It was surprisingly satisfying to run curl locally and watch the headers change as requests were consumed:
me@MacBookPro ~> curl -i localhost:3000/ping
...
x-ratelimit-limit: 10
x-ratelimit-remaining: 9
x-ratelimit-reset: 1768250604
...
{"message":"pong","timestamp":"2026-01-12T20:43:18Z"}⏎
me@MacBookPro ~> curl -i localhost:3000/ping
...
x-ratelimit-limit: 10
x-ratelimit-remaining: 8
x-ratelimit-reset: 1768250610
...
{"message":"pong","timestamp":"2026-01-12T20:43:20Z"}⏎
And finally:
me@MacBookPro ~> curl -i localhost:3000/ping
...
x-ratelimit-limit: 10
x-ratelimit-remaining: 0
x-ratelimit-reset: 1768250721
retry-after: 55
...
{"error":"Rate limit exceeded"}⏎
I implemented the rate limiter as a Rails middleware using an in-memory token bucket. At its core, it’s just a hash with some bookkeeping:
module RateLimiter
module Stores
class Memory < Base
def initialize
@data = {}
@mutex = Mutex.new
end
def get(key)
@mutex.synchronize do
entry = @data[key]
return nil unless entry
if entry[:expires_at] && Time.now > entry[:expires_at]
@data.delete(key)
return nil
end
entry[:value]
end
end
...
The mutex caught me off guard. Multithreading is easy to overlook in an exercise like this.

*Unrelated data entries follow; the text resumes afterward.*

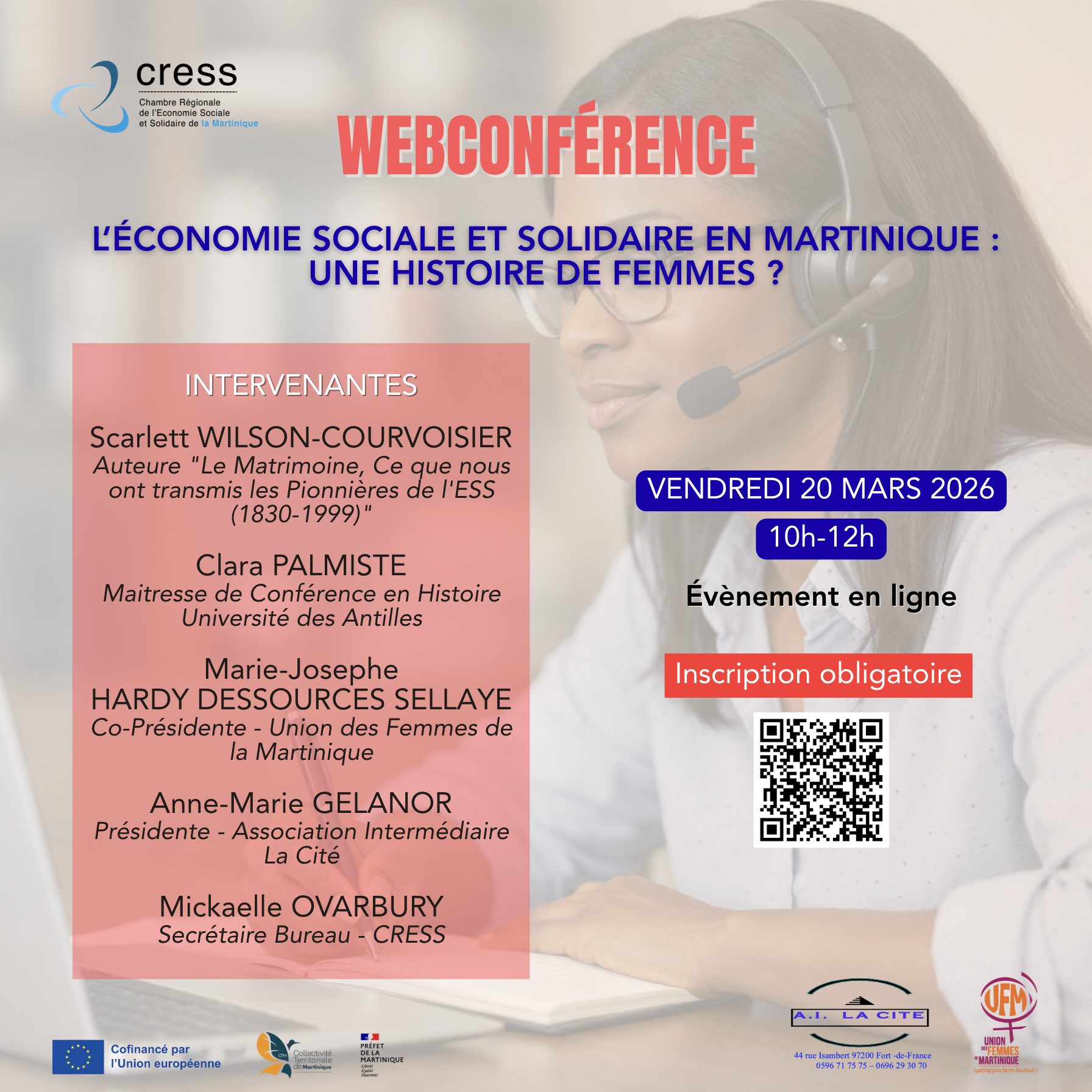 La Chambre Régionale de l’Economie Sociale et Solidaire (CRESS) de la Martinique vous convie Vendredi 20 Mars 2026 de 10h00 à 12h00 à une webconférence autour de la thématique : « L’Economie Sociale et Solidaire en Martinique : une histoire de femmes ? »
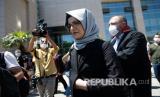 REPUBLIKA.CO.ID, ISTANBUL -- Hatice Cengiz, tunangan jurnalis Saudi yang terbunuh Jamal Kashoggi, menghadiri persidangan in-absentia atas pembunuhan kolumnis Washington Post tersebut yang terjadi pada tahun 2018, di pengadilan Istanbul, Jumat (3/7).
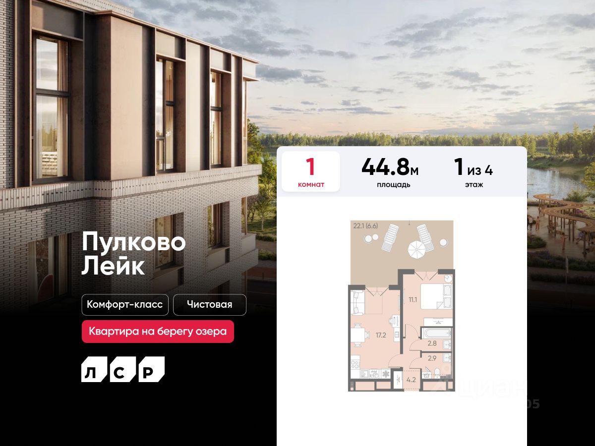 Продается 1-комнатная квартира в ЖК "Пулково Лейк" на 1 этаже. Общая площадь составляет 44.80 кв. м. Квартира с чистовой отделкой. Жилой комплекс "Пулково Лейк" располагается по адресу Санкт-Петербург, Московский.

me@MacBookPro ~/R/rate-limiter-tester> rails server -p 3000
=> Booting Puma
=> Rails 8.1.1 application starting in development
=> Run `bin/rails server --help` for more startup options
Puma starting in single mode...
* Puma version: 7.1.0 ("Neon Witch")
* Ruby version: ruby 4.0.0 (2025-12-25 revision 553f1675f3) +PRISM [arm64-darwin25]
* Min threads: 3
* Max threads: 3
* Environment: development
* PID: 60042
* Listening on http://127.0.0.1:3000
* Listening on http://[::1]:3000
Use Ctrl-C to stop
Even in development, Puma is running multiple threads. Without a Mutex, it’s easy to introduce subtle race conditions and inconsistent token counts under load.
None of this is groundbreaking. You can absorb it by carefully reading an article. But implementing a toy version forces the details to click. When it’s reasonable, I try to build small, working versions of the systems I’m learning—it’s consistently the fastest way I’ve found to make the details stick.